Released this week, the Victorian government's ICT Strategy 2014-15 provides a snapshot of Victoria's tech-led future as Rich-Phillips would like it to be. It follows the publication of a similar document last year.
The government hopes to save $125 million by renegotiating software contracts and hardware purchasing arrangements, develop a cyber security strategy for government data and train its technology staff to be more innovative and risk aware.
Services provided by shared services bureau CenITex are expected to be fully outsourced by year's end and an expressions of interest process for free Wi-Fi services for central Melbourne and major towns completed.
Since taking the high-tech helm in December 2010, Mr Rich-Phillips has been on a mission to overhaul the way Victoria buys and manages technology, in the wake of a string of debacles, including the implosion of CenITex.
The bureau, which accounts for around $140 million of the state's annual ICT spend of $1.5 billion, has been the subject of three inquiries, an Ombudsman's investigation and a police probe by the fraud squad.
The business of selling ICT to the state has been opened up to all comers, following the replacement last year of the eServices panel with a more flexible online eServices register.
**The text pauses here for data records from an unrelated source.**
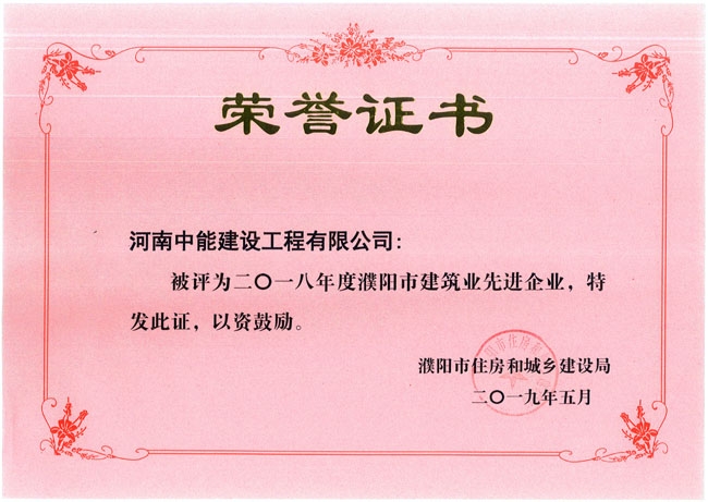 2018年度濮陽市建筑業(yè)先進企業(yè)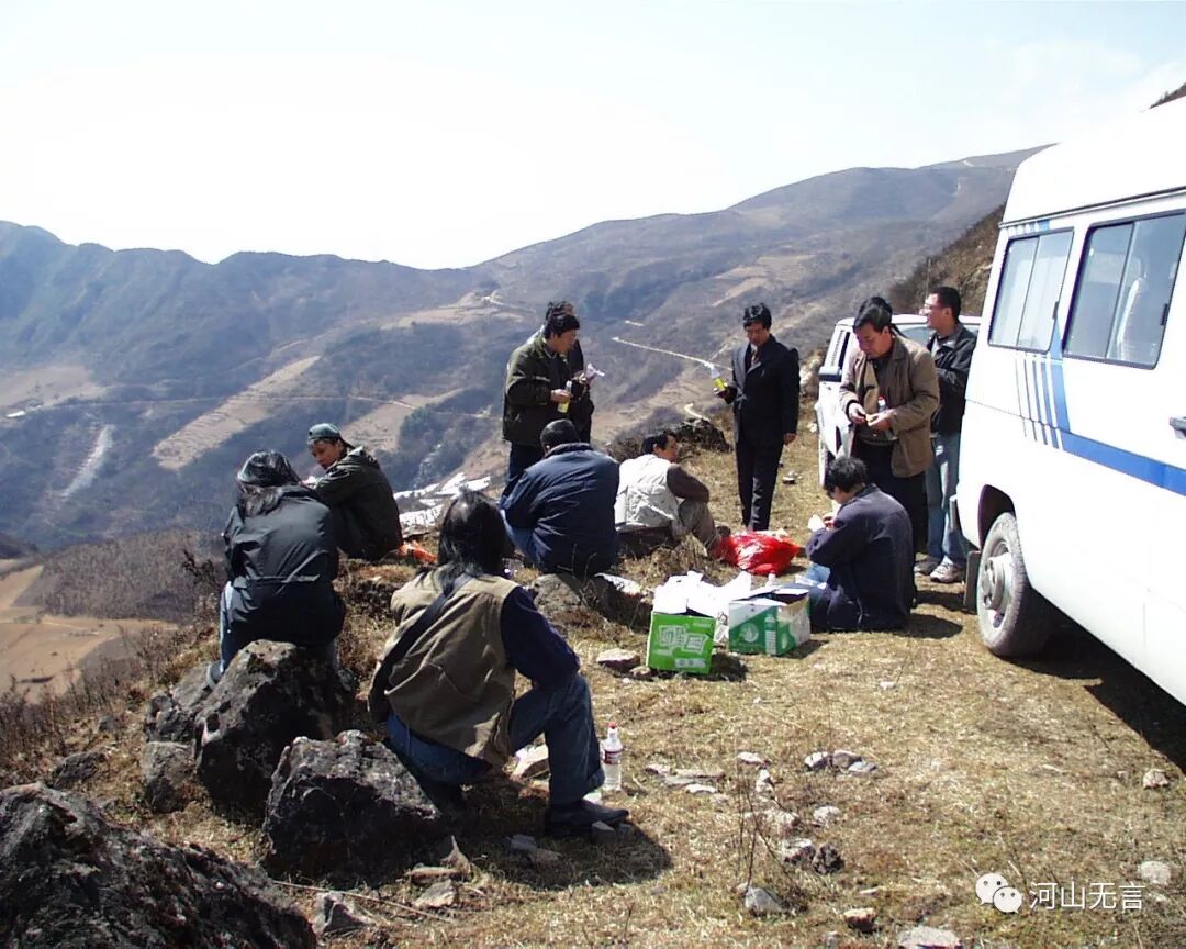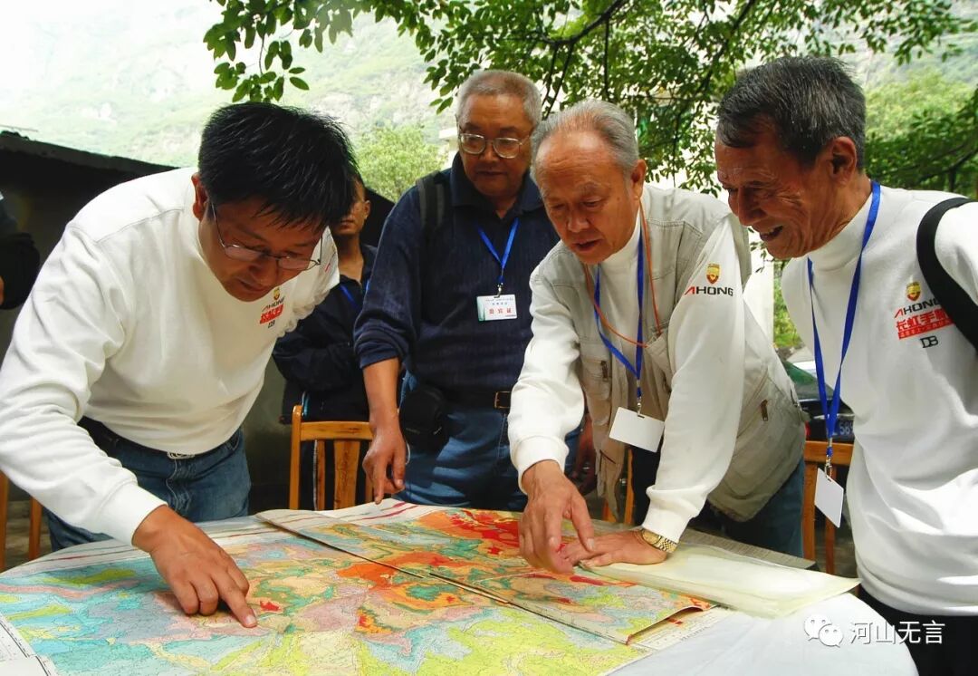 2006年10月,大渡河金口大峡谷科考途中,笔者在给中国科学院的专家杨逸畴(左二)、李明森(左三)、李成治(左四)等介绍大峡谷的地质情况。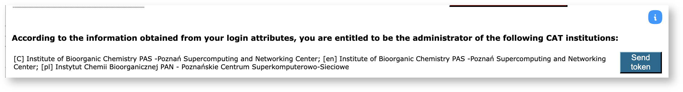 Note: The eduPersonEntitlement attribute is used to mark users' rights to perform some actions in the name of the institution they authenticate with. In this case we are looking for the entitlement to manage eduroam tasks for this institution which is signaled with an appropriate value of this attribute. The NRO admins may set the value to be used within their federation. They do that by setting the value of Custom entitlement value for self-registration option. According to the eduPersonEntitlement specification this value must be an URI. If this option is not set then the default of geant:eduroam:inst:admin will be used.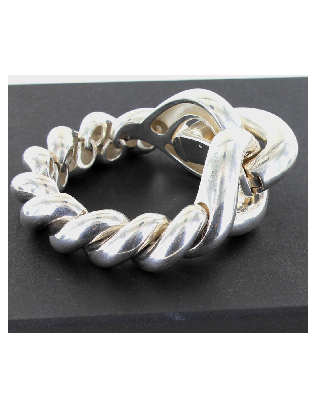 Last items in stock BRACELETS HERMES Eclipse sterling silver 925/1000 bracelet HERMES 35097 1,900.00 € HERMES Eclipse sterling silver 925/1000 bracelet Condition : very goodMade in France Collection : EclipseMaterial: sterling silver 925/1000Color: silverSize : S/MMeasurements: height 4 cm, maximum wrist circumference 17 cmHardware : silver (micro-scratches)Stamp : yesDetails : silver flat band bracelet with “H” and two perforated anchor chain links Add to cart
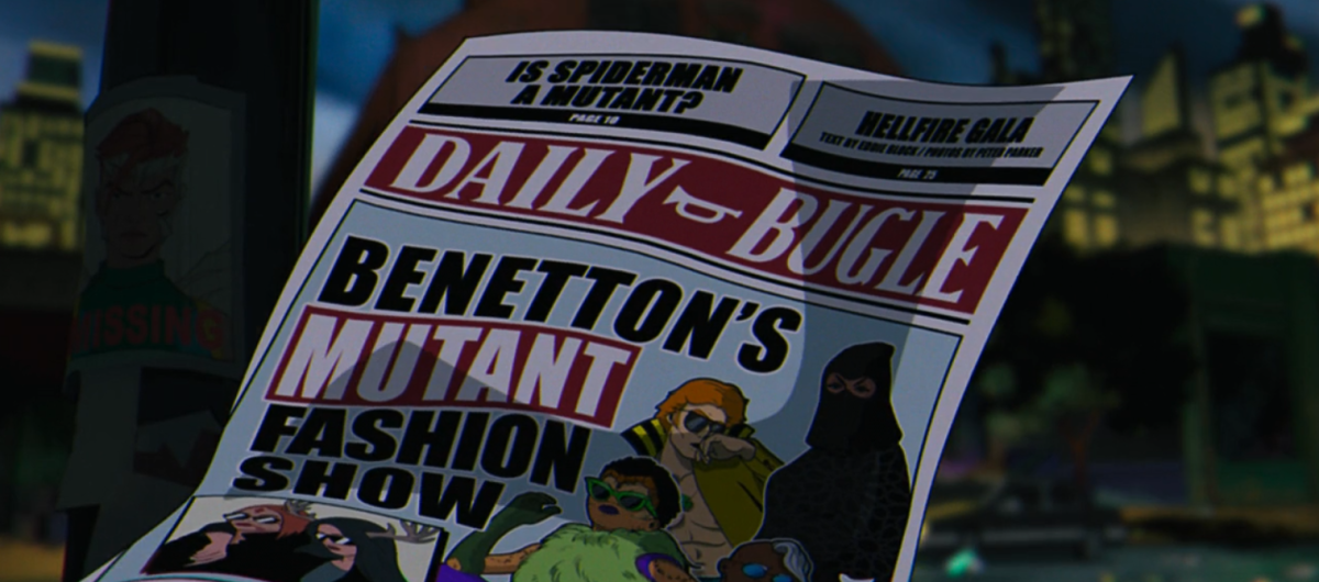 報紙的頭版標題是『班尼頓的變種人時裝秀(Benetton's Mutant Fashion Show)』,1965年創立的義大利品牌「班尼頓」最知名的就是其摒除地區、種族、語言之隔的理念,並致力於各種社會、政治、人權以及多元文化的廣告。 因此在動畫的宇宙中,班尼頓這個講究跨越種族與多元文化的廠牌,自然會採用變種人作為模特兒為其發聲。

Eligible vendors can join the latter at any time.
While Telstra and Optus have held a decade-long monopoly on the supply of telecoms services to the state, an online marketplace known as VicConnect will give agencies access to new suppliers by mid-2015.
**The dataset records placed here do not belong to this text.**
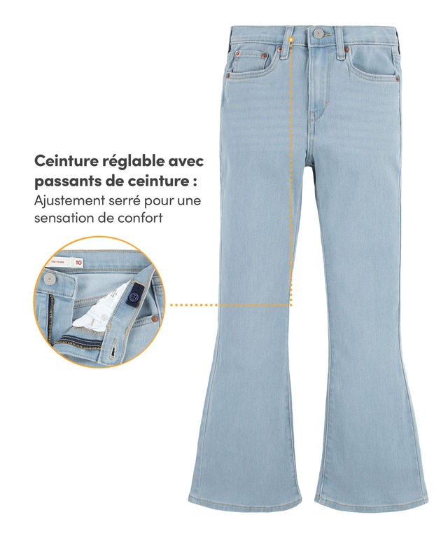 Voici le plus récent ajout du populaire «Lot 700» - le jean évasé à taille haute 726MC de Levi'sMD. Grâce à sa taille haute indémodable, il est le compagnon parfait pour les t-shirts et les chandails à capuche courts. Sa jambe évasée lui donne une silhouette unique. Il est confectionné de denim durable avec davantage d'extensibilité et il est doté d'une ceinture réglable pour une coupe ajustée et plus de confort pour accommoder la croissance.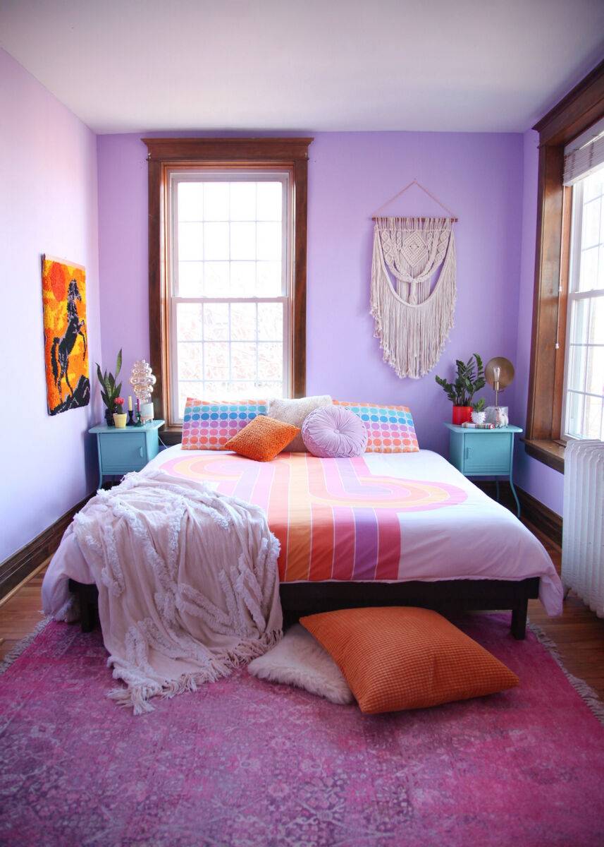 Использование спокойной цветовой гаммы. Спальня может быть выполнена в любых оттенках, однако в качестве базовых принято использовать теплые пастельные тона. Их разбавляют яркими вкраплениями: бордовым, золотистым, фиалковым.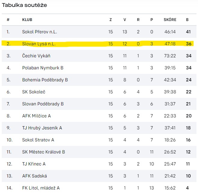 TJ Křinec - Slovan Lysá 0:3 (0:1)

Public sector analyst at Intelligent Business Research Services Alan Hansell said the latest iteration of the government's plan is impressive in intent but remains light on details.
"It sets out the right things that need to be done but omits how the right way will be achieved," Mr Hansell said. "For instance, it recognises the gaps in skills, leadership and governance and assumes they will be identified and fixed - it is a naive assumption.
"The skeleton, which is what the report describes, needs flesh on the bones to be credible."
A source close to the government said the strategy focused too heavily on enabling technology capability, rather than on "key public value issues".
"The strategy is broad, dealing with economic issues alongside basic internal challenges - this detracts from the urgent need for digitally focused government," the source said.
Successful initiatives within governments were usually driven by individual agencies with dynamic leaders who worked closely with the ICT industry.
"The Victorian government should harness this 'secret sauce' and focus on being more flexible and [on] key public value outcomes. The ongoing attempts by governments to boil the ocean on the ICT front does not have a strong track history."